北米時間2021年10月27日,Intelは,開発者向けオンラインイベント「Intel InnovatiON」を開催し,イベント内でデスクトップPC向けの第12世代Coreプロセッサ(開発コードネーム Alder Lake-S)を正式発表した。
Alder Lakeは,Intel製のPC向けCPUでは初めて種類の異なるCPUコアを組み合わせたのが特徴で,最上位製品となる「Core i9-12900K」では,8コア16スレッド対応の高性能コア(P-core)と,8コア8スレッド対応の高効率コア(E-core)からなる16コア24スレッド対応のプロセッサとなっている。
製品ラインナップを表にまとめておこう。なお,モデルナンバーの末尾に「KF」と付いているのは,統合型グラフィックス機能(以下,統合GPU)を搭載しないモデルである。
なお,第12世代Coreプロセッサの技術的特徴は,米田 聡氏による解説記事に詳しくあるので,そちらを参照してもらうとして,本稿では,イベントで明らかになった新CPUのポイントを見ていく。
Intelによると,第12世代Coreプロセッサは,8+8コアの異種混載CPUコア,OSのスケジューラと協調動作してCPUコアにスレッドを割り当てる「Intel Thread Director」の採用,同社独自のGPUアーキテクチャ「Intel Xe」ベースの統合GPU,さらにAI処理アクセラレータを統合したプロセッサで,「World’s Best Gaming Processor」(世界で最も優れたゲーマー向けプロセッサ)であるという。
さらに,既存のDDR4メモリモジュールよりも高速に動作する「DDR5」メモリモジュールへの対応や,グラフィックスカードとの接続に使える16レーン分のPCI Express(以下,PCIe)インタフェースが,最新のPCIe 5.0に対応するなど,メモリやインタフェース周りが強化された点もポイントだ。
CPUパッケージとソケットは,新しい「LGA 1700」に対応しており,CPUと組み合わせるチップセットには,「Intel 600」シリーズチップセットが用意されている。Intel 600シリーズの第1弾製品としては,「Intel Z690」があり,マザーボードメーカー各社が対応製品を発表する予定だ。
さて,第12世代Coreプロセッサで気になるゲームにおける処理性能だが,Intelによると,前世代のハイエンド製品である8コア16スレッド対応の「Core i9-11900K」と比較して同等〜1.5倍,AMDのデスクトップPC向け最上位である16コア32スレッド対応の「Ryzen 9 5950X」と比べても同等以上の性能を発揮できるという。
また,ゲームのスレッドとゲーム以外,たとえばOSや動画配信ソフトのスレッドをP-coreとE-coreで分担して処理できるため,第11世代Coreプロセッサまでと比べて,動画配信時のフレームレートを大幅に向上できる点も,第12世代Coreプロセッサの利点であるとIntelはアピールしている。

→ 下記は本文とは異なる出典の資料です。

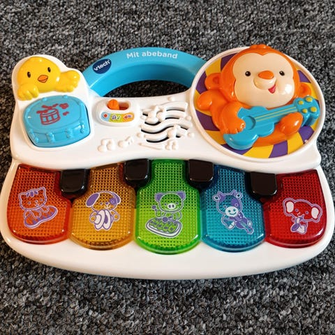 Vtech Abeband legetøj til babyer. Indeholder et klaver med dyremotiver, blinkende lys og legesyg musik. Designet til at tiltrække babys opmærksomhed og opfordre til interaktion. Velegnet til børn i alderen 6-36 måneder. Fremmer opdagelse, udforskning og udvikling af sanserne.
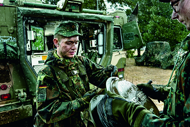 IT-Soldat bei einer Geländeübung an einem geschützen Gefechtsfahrzeug
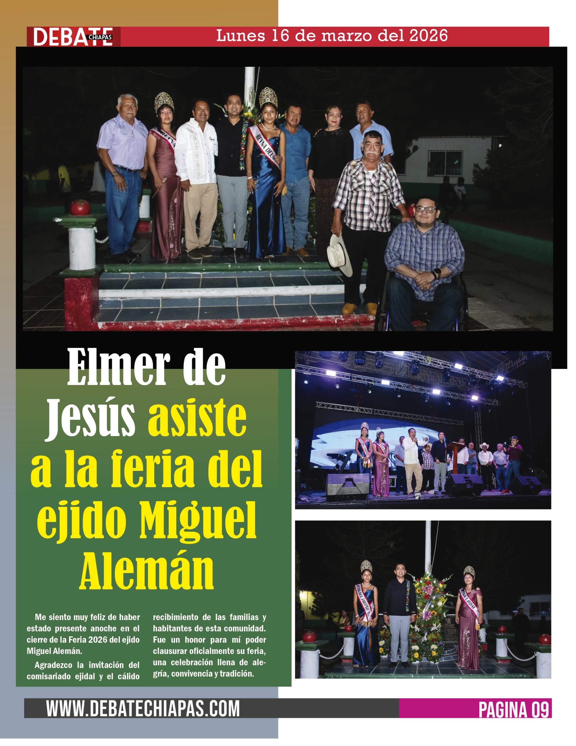 Elmer de Jesús asiste a la feria del ejido Miguel Alemán

そのほかにも第12世代Coreプロセッサは,オーバークロック関連機能の強化も特徴で,Intel純正のオーバークロック設定ツール「Intel Extreme Tuning Utility 7.5」を使用することで,P-coreとE-coreそれぞれ個別にクロック倍率を設定できる。
また,メモリのオーバークロック規格「XMP」(Extreme Memory Profile)における最新仕様である「XMP 3.0」に対応しており,DDR5メモリモジュールの柔軟なオーバークロックが可能となっているのも特徴だ。
ただし高性能な半面,第12世代Coreプロセッサは,消費電力もかなり高い。定格消費電力こそ125Wだが,最大消費電力にあたる「Maximum Turbo Power」になると,Core i9-12900Kは241Wという電力を消費するという。今回発表の6製品は,すべてクロック倍率がロックされていないアンロック版であるが,アンロック版の第12世代Coreプロセッサは,定格消費電力を最大消費電力と同等まで引き上げることで最大の性能を引き出すことも可能とのこと。その場合,241WでCPUがブン回るわけで,システム全体でどれだけの電力を消費するのか,ちょっと恐ろしいくらいだ。
消費電力はともかく,第12世代CoreプロセッサはこれまでのPC向けCPUにはない新要素を導入したCPUだけに,ゲームにおける実力が楽しみでもある。製品の登場が待ち遠しいところだ。